Aim of the exercise - Take the lines from the head of the listing through the one bearing "総じて、推進担当者は他よりも" and copy them exactly, leaving every picture out.

Records -
┄┄┄┄┄┄

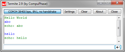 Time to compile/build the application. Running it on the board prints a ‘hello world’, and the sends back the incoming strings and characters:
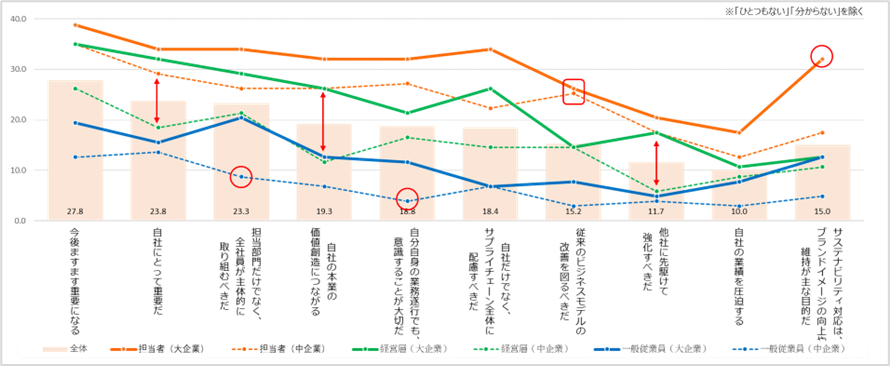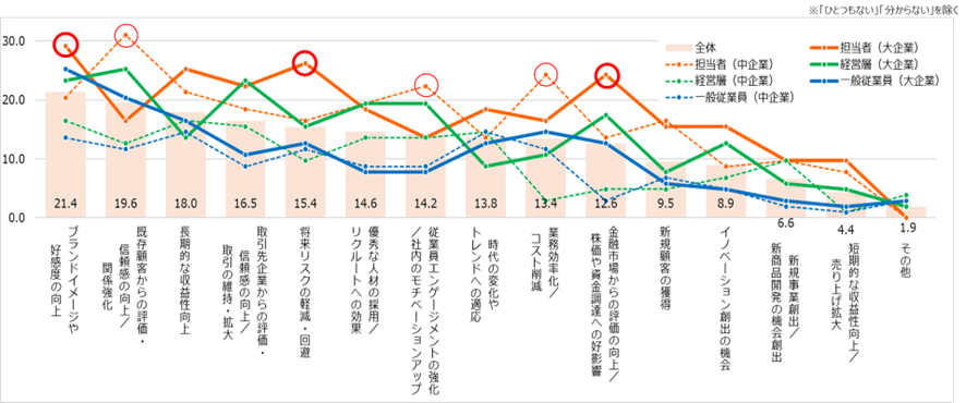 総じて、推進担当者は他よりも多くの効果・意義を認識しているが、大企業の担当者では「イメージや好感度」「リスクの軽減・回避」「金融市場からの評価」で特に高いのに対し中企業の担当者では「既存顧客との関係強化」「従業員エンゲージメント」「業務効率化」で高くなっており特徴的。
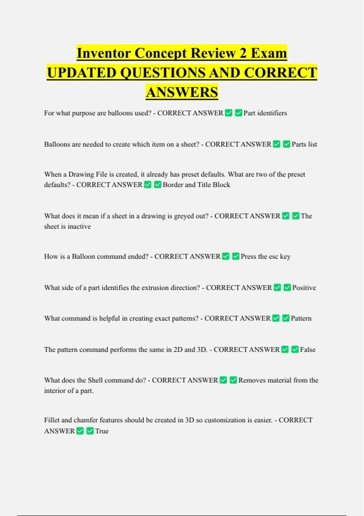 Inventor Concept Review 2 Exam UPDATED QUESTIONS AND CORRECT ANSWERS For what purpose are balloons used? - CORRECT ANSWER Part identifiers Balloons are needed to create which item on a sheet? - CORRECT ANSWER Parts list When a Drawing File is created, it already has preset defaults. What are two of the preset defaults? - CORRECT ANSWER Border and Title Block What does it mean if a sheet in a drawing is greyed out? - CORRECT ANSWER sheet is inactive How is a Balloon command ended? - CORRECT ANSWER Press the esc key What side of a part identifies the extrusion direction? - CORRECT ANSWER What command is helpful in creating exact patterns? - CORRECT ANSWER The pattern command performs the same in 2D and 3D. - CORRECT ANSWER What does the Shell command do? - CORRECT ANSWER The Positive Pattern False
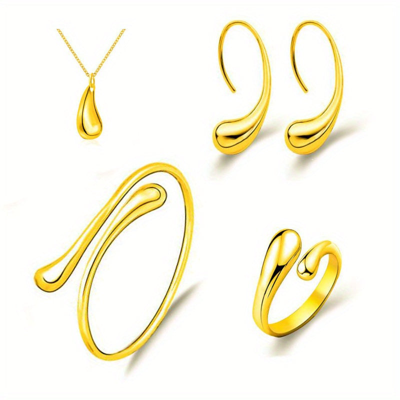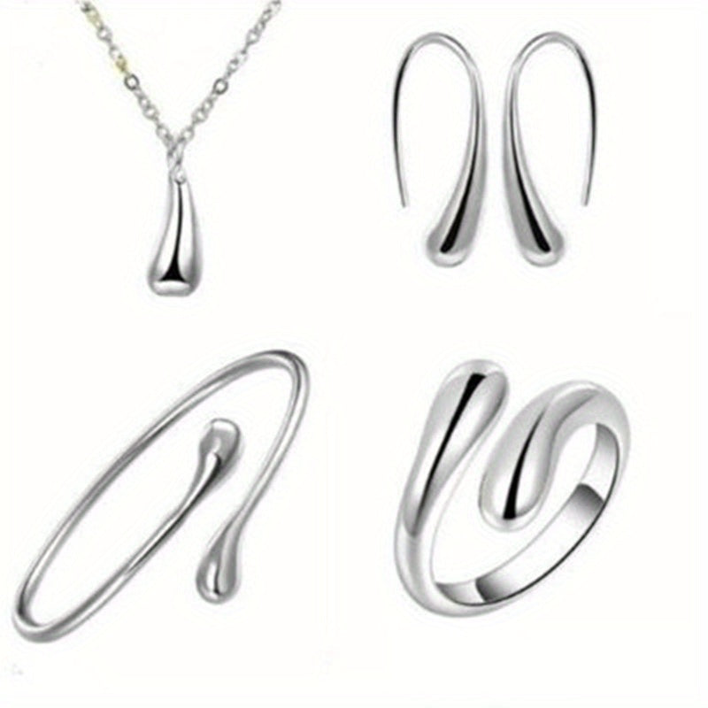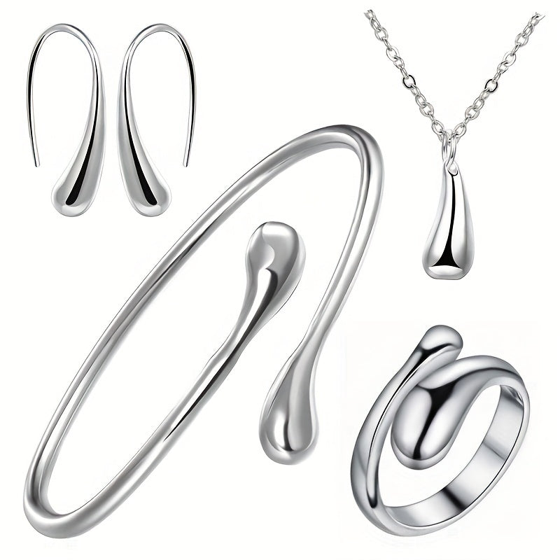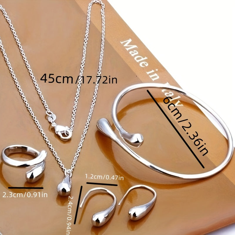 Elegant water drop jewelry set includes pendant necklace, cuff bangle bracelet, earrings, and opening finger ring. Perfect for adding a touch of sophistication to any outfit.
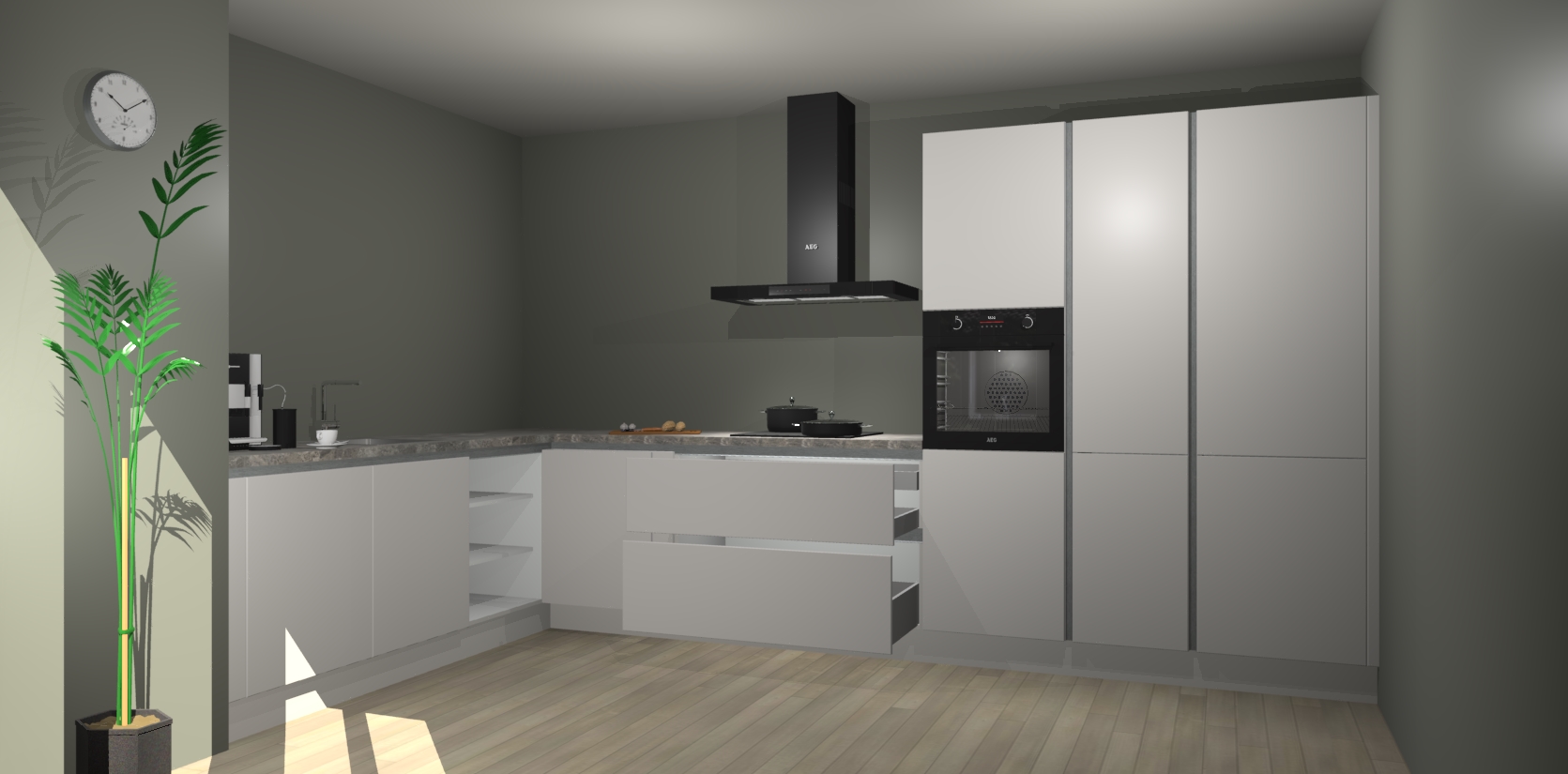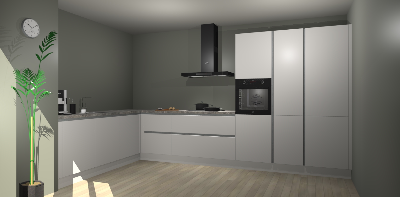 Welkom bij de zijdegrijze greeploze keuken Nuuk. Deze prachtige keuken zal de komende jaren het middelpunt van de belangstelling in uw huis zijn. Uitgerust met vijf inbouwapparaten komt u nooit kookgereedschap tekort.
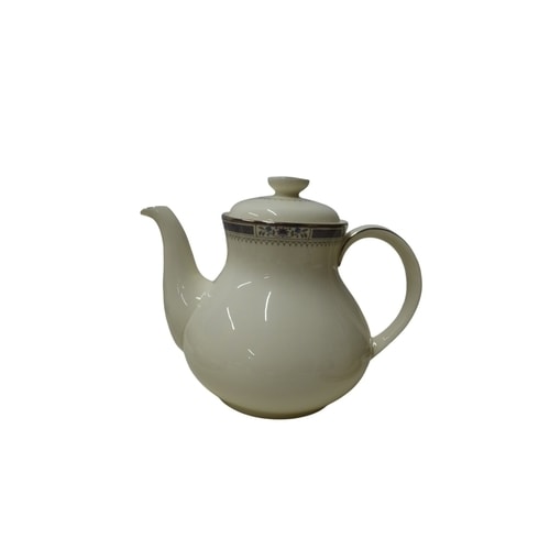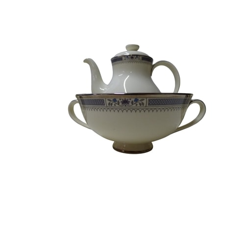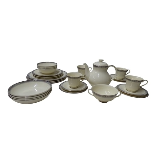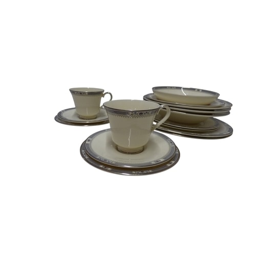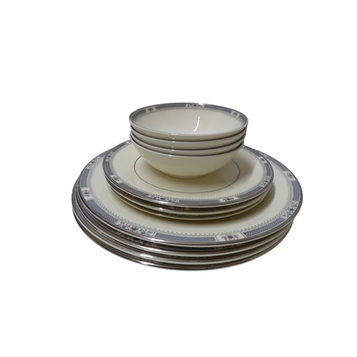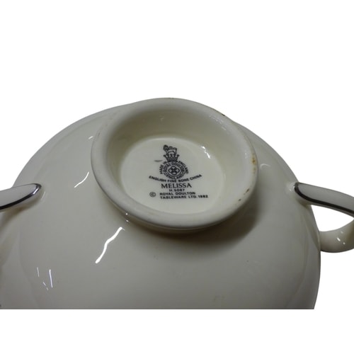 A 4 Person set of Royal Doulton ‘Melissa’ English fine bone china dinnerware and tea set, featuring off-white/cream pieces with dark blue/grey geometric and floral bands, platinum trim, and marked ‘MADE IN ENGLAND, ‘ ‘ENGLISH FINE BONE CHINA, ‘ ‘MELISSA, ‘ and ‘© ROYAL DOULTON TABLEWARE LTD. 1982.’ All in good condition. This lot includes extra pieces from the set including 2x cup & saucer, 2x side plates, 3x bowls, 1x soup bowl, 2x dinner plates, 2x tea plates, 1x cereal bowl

┄┄┄┄┄┄

Written response -
 Time to compile/build the application. Running it on the board prints a ‘hello world’, and the sends back the incoming strings and characters:
 総じて、推進担当者は他よりも多くの効果・意義を認識しているが、大企業の担当者では「イメージや好感度」「リスクの軽減・回避」「金融市場からの評価」で特に高いのに対し中企業の担当者では「既存顧客との関係強化」「従業員エンゲージメント」「業務効率化」で高くなっており特徴的。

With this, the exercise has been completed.